| Problem to work on |
What is needed is an exact copy of the listing, with no pictures in it.

| Supplied data |
Content starts
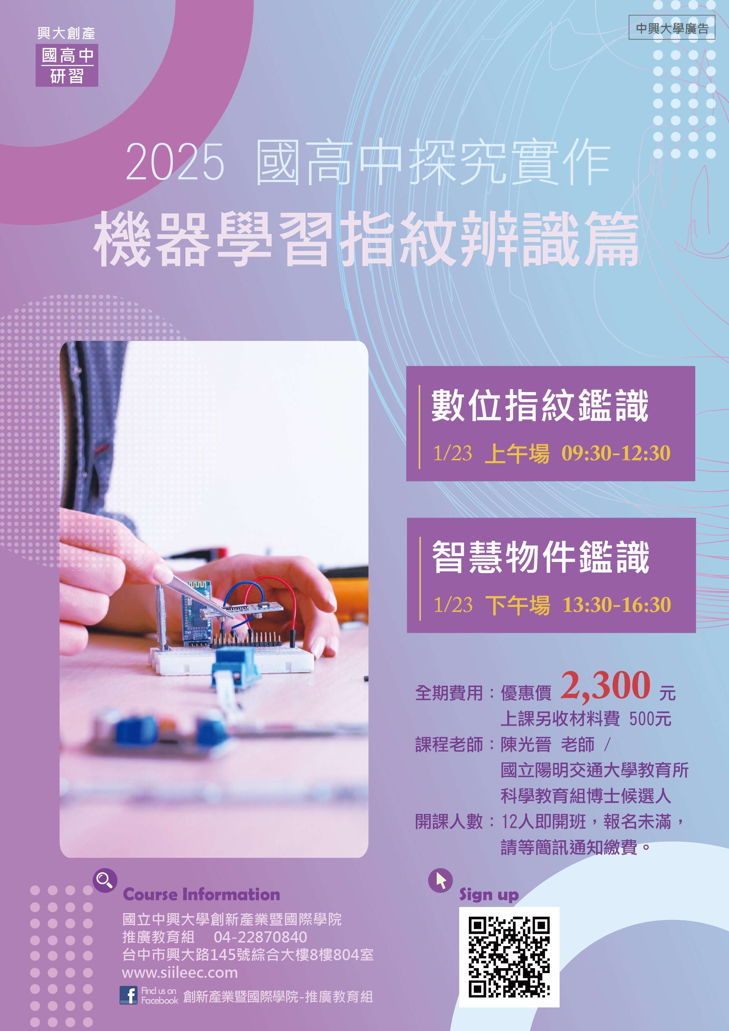(八)報名方式:請至創產學院線上報名系統報名 (http://www.siileec.com/index.php?subject_type=38)。至「國立中興大學創新產業暨國際學院線上報名繳費系統」,點選「國高中生研習」加入會員即可報名。
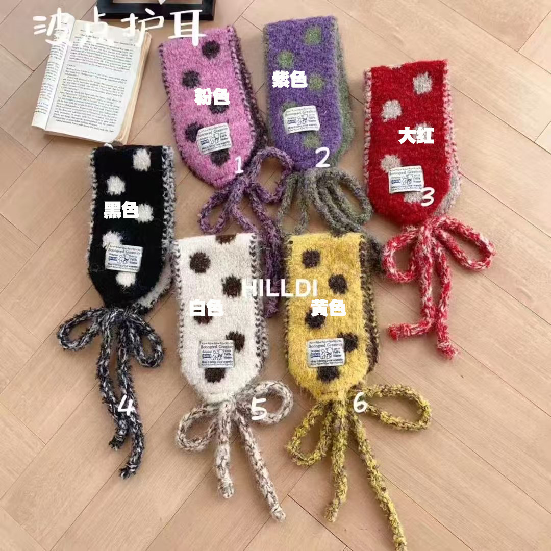 25秋冬新款可爱圆点针织护耳头巾韩系秋冬学生保暖护颈系带围脖女
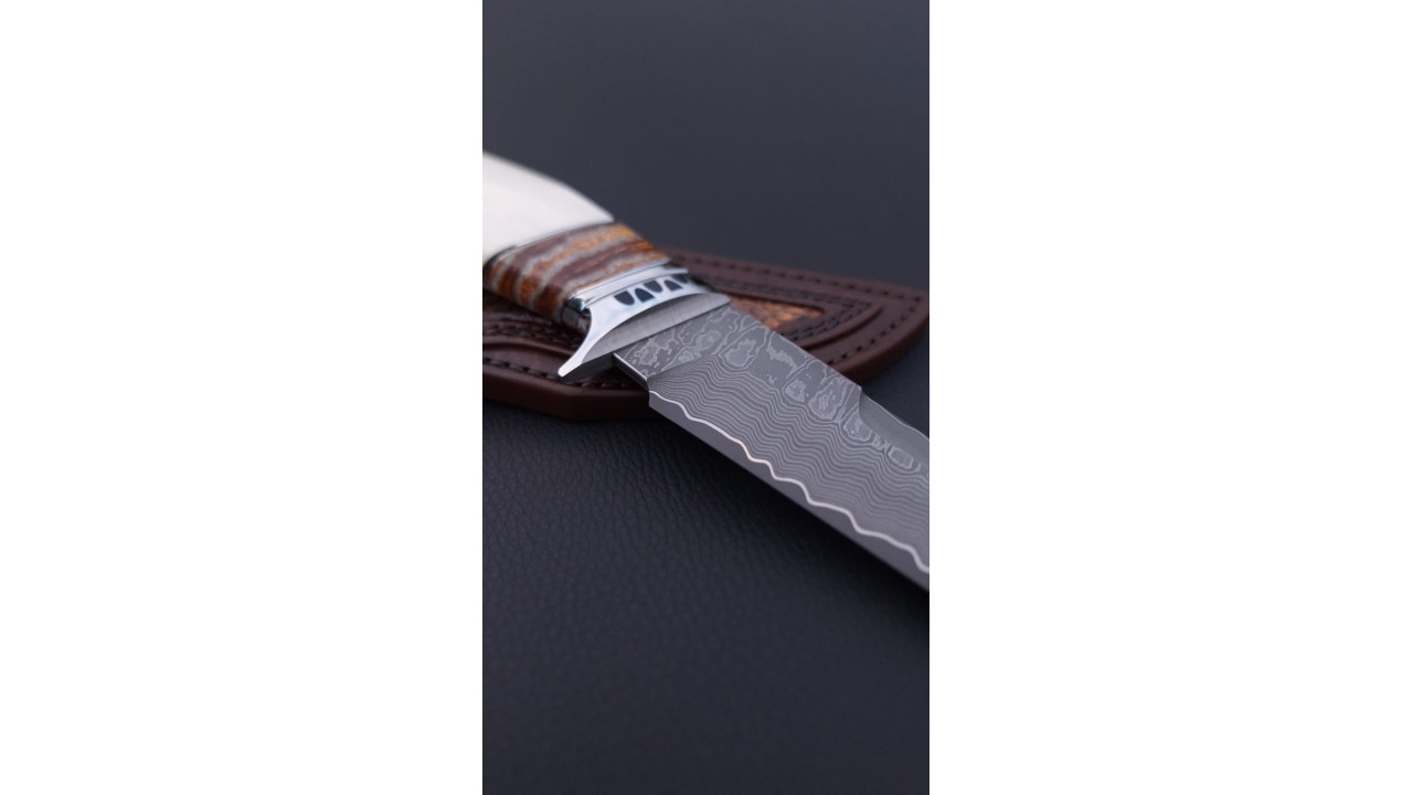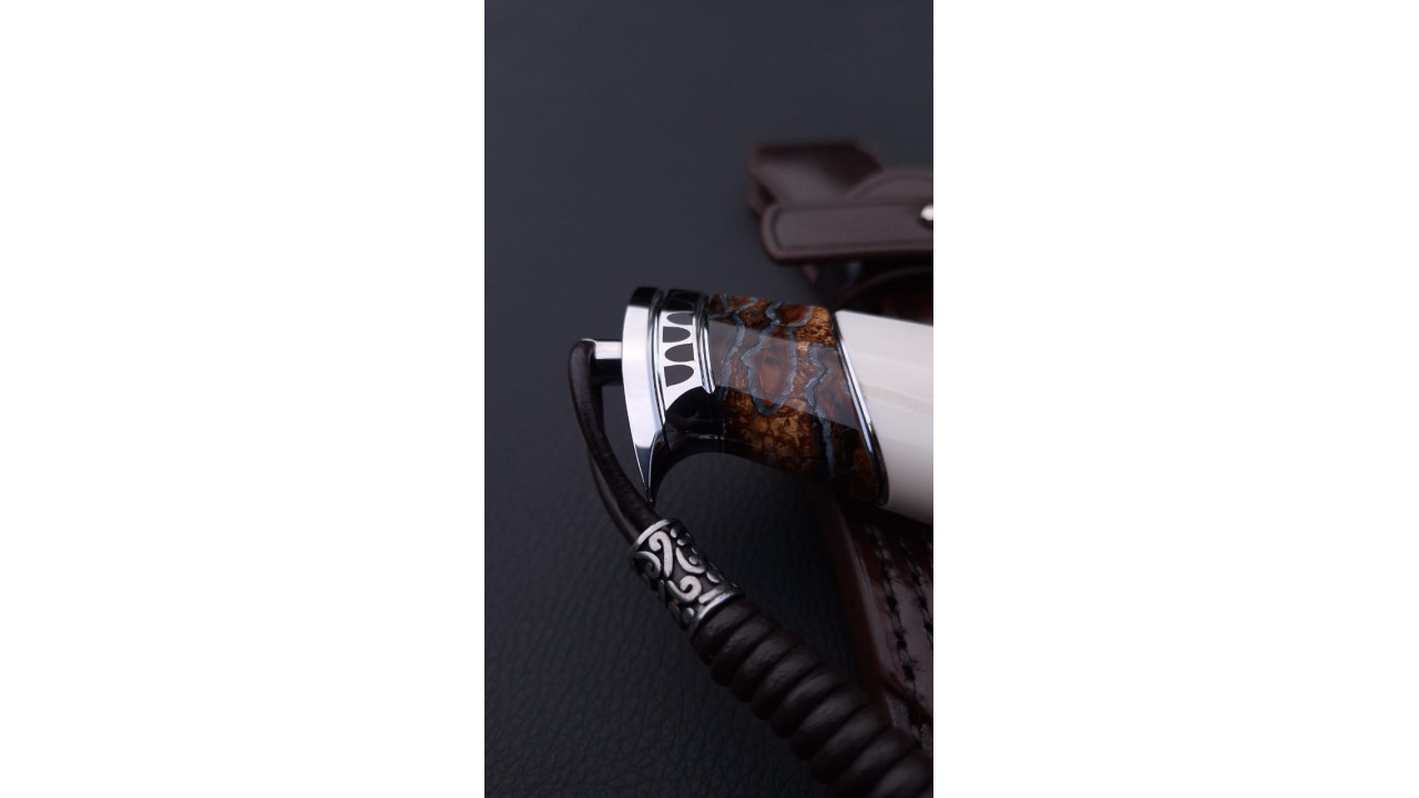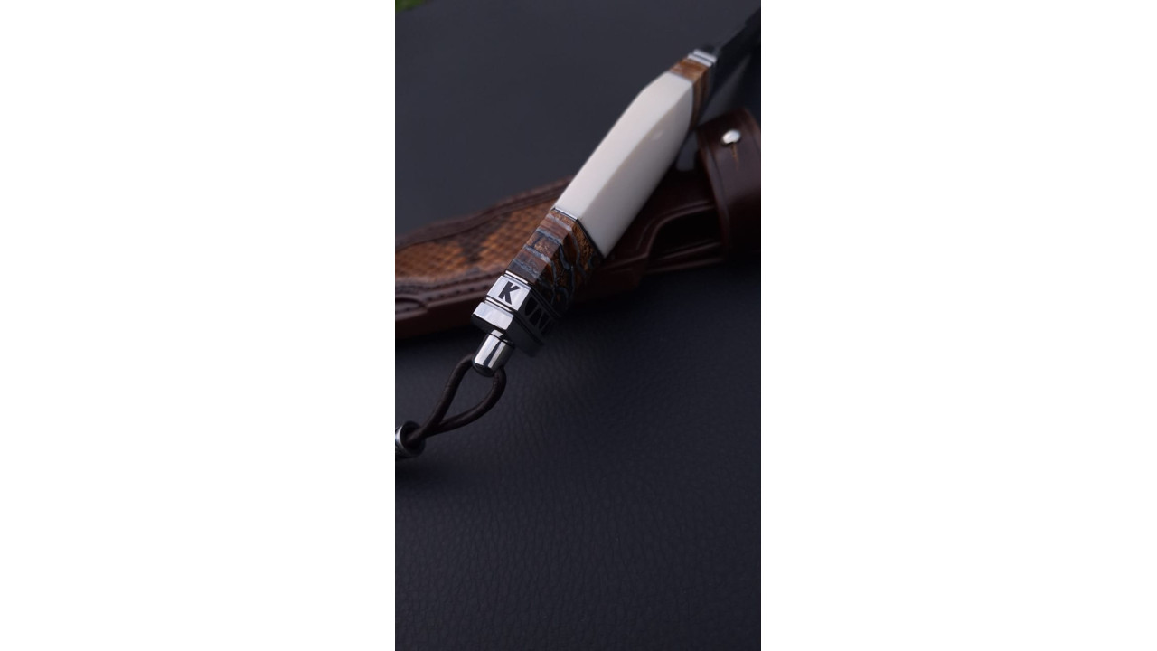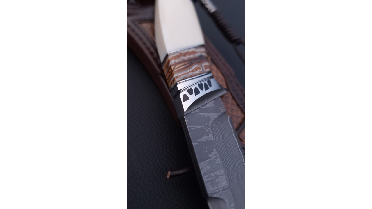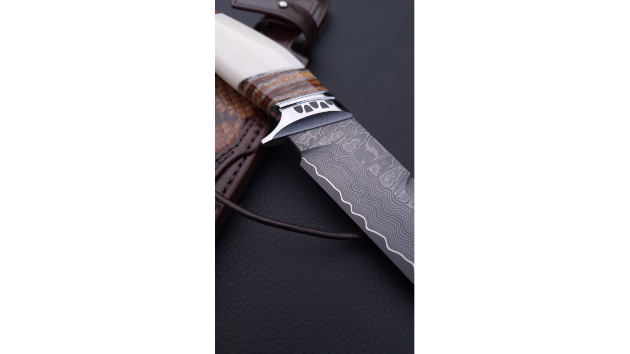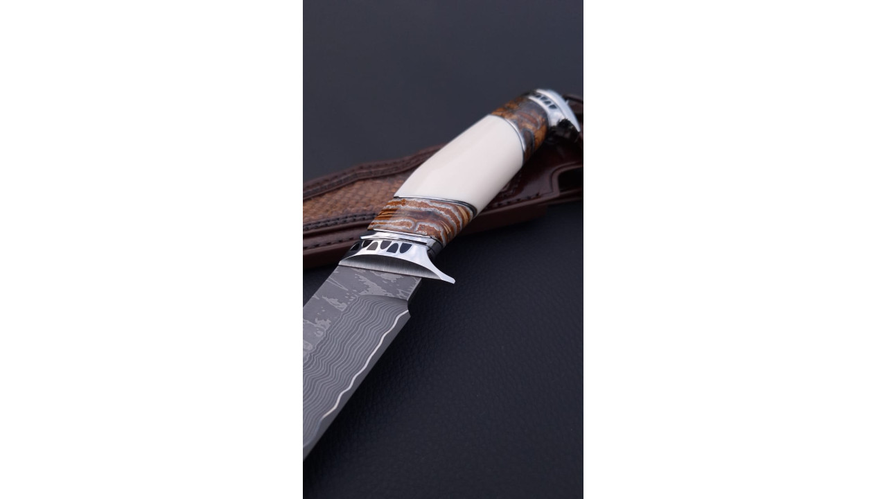 Матеріал руків'я: | Больстер комбінований з нержавійки. Радіусні вставки зуб мамонта, вставки бивня слонга |
Content ends
| Answer space |
(八)報名方式:請至創產學院線上報名系統報名 (http://www.siileec.com/index.php?subject_type=38)。至「國立中興大學創新產業暨國際學院線上報名繳費系統」,點選「國高中生研習」加入會員即可報名。
 25秋冬新款可爱圆点针织护耳头巾韩系秋冬学生保暖护颈系带围脖女
 Матеріал руків'я: | Больстер комбінований з нержавійки. Радіусні вставки зуб мамонта, вставки бивня слонга |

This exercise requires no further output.